- Your task: Please repeat, exactly and without pictures, the lines of the entries below that run from the one containing "21, Heuilley-sur-Saône, lieudit : Ile de Fley" through the one containing "Св. великомученик Пантелеимон".

- Materials provided:
★ ★ ★

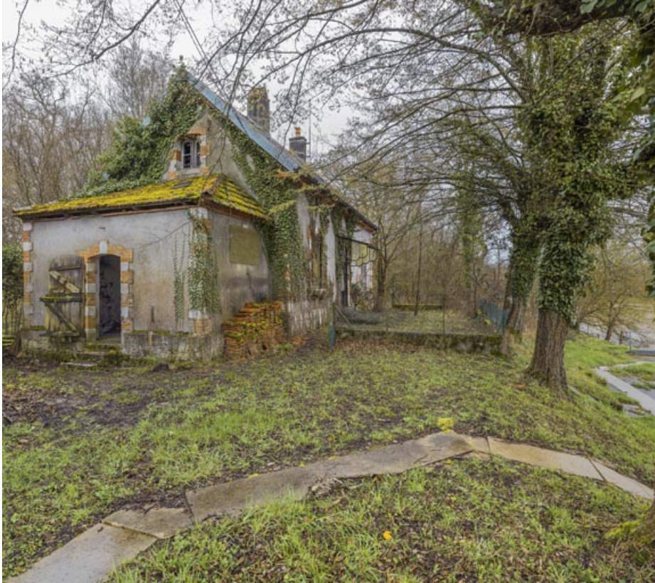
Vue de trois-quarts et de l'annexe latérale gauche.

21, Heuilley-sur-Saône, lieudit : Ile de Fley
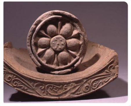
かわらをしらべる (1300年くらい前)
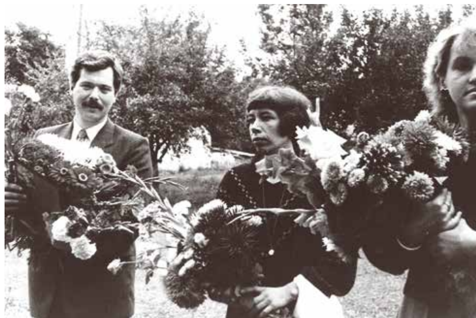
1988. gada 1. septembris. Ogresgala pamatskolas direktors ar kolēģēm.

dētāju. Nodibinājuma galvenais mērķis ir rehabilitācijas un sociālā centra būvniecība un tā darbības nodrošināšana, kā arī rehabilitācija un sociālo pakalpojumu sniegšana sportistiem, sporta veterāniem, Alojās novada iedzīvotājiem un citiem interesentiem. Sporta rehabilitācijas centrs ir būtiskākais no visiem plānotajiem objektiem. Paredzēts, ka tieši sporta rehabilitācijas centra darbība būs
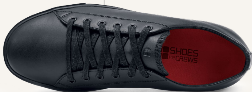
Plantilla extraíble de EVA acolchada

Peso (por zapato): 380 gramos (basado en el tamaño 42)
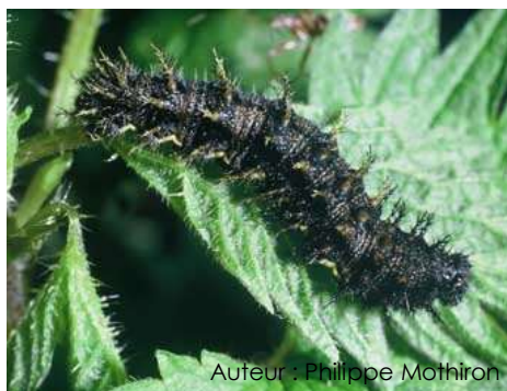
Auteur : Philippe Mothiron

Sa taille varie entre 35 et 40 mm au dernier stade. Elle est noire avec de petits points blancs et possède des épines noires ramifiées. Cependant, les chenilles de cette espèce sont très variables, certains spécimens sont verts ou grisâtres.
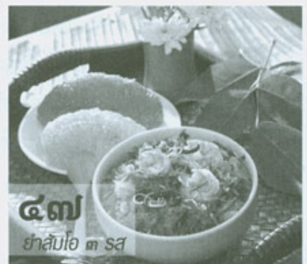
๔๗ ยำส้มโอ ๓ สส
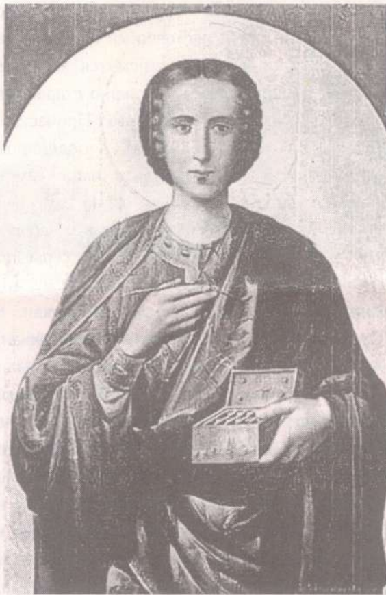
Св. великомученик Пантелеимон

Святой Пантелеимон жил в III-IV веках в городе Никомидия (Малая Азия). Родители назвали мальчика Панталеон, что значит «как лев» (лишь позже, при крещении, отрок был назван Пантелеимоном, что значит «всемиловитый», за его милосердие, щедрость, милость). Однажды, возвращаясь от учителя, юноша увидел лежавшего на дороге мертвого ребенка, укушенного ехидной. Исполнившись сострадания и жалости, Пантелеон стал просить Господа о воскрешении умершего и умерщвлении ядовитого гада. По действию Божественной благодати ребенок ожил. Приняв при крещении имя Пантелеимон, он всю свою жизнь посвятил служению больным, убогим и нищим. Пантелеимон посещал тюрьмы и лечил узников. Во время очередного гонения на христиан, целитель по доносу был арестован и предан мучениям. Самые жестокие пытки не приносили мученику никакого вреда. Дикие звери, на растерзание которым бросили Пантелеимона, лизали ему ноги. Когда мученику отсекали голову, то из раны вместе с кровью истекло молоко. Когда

★ ★ ★

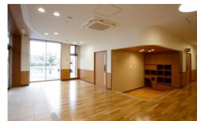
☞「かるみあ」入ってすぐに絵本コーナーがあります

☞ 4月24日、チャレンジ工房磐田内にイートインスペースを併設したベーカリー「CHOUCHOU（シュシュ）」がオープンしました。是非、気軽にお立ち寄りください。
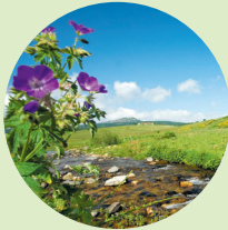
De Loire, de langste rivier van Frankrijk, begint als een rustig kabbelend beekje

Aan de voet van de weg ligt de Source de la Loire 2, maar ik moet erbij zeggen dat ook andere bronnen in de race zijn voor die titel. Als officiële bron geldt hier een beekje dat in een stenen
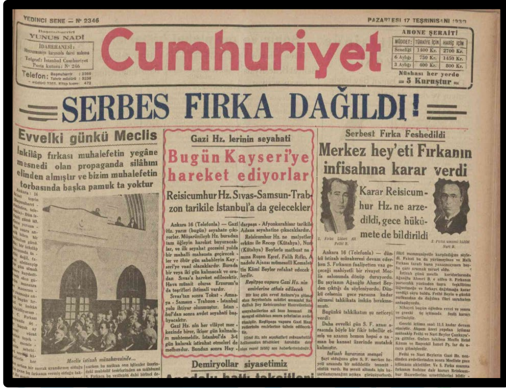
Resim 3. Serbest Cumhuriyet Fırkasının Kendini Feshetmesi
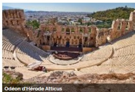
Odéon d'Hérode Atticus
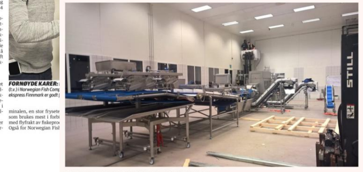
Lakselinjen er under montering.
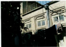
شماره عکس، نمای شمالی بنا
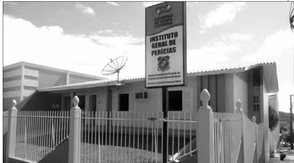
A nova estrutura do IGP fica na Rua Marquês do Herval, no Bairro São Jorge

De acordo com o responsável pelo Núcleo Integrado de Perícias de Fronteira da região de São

★ ★ ★

- Task output:
21, Heuilley-sur-Saône, lieudit : Ile de Fley
かわらをしらべる (1300年くらい前)
1988. gada 1. septembris. Ogresgala pamatskolas direktors ar kolēģēm.

dētāju. Nodibinājuma galvenais mērķis ir rehabilitācijas un sociālā centra būvniecība un tā darbības nodrošināšana, kā arī rehabilitācija un sociālo pakalpojumu sniegšana sportistiem, sporta veterāniem, Alojās novada iedzīvotājiem un citiem interesentiem. Sporta rehabilitācijas centrs ir būtiskākais no visiem plānotajiem objektiem. Paredzēts, ka tieši sporta rehabilitācijas centra darbība būs
Plantilla extraíble de EVA acolchada

Peso (por zapato): 380 gramos (basado en el tamaño 42)
Auteur : Philippe Mothiron

Sa taille varie entre 35 et 40 mm au dernier stade. Elle est noire avec de petits points blancs et possède des épines noires ramifiées. Cependant, les chenilles de cette espèce sont très variables, certains spécimens sont verts ou grisâtres.
๔๗ ยำส้มโอ ๓ สส
Св. великомученик Пантелеимон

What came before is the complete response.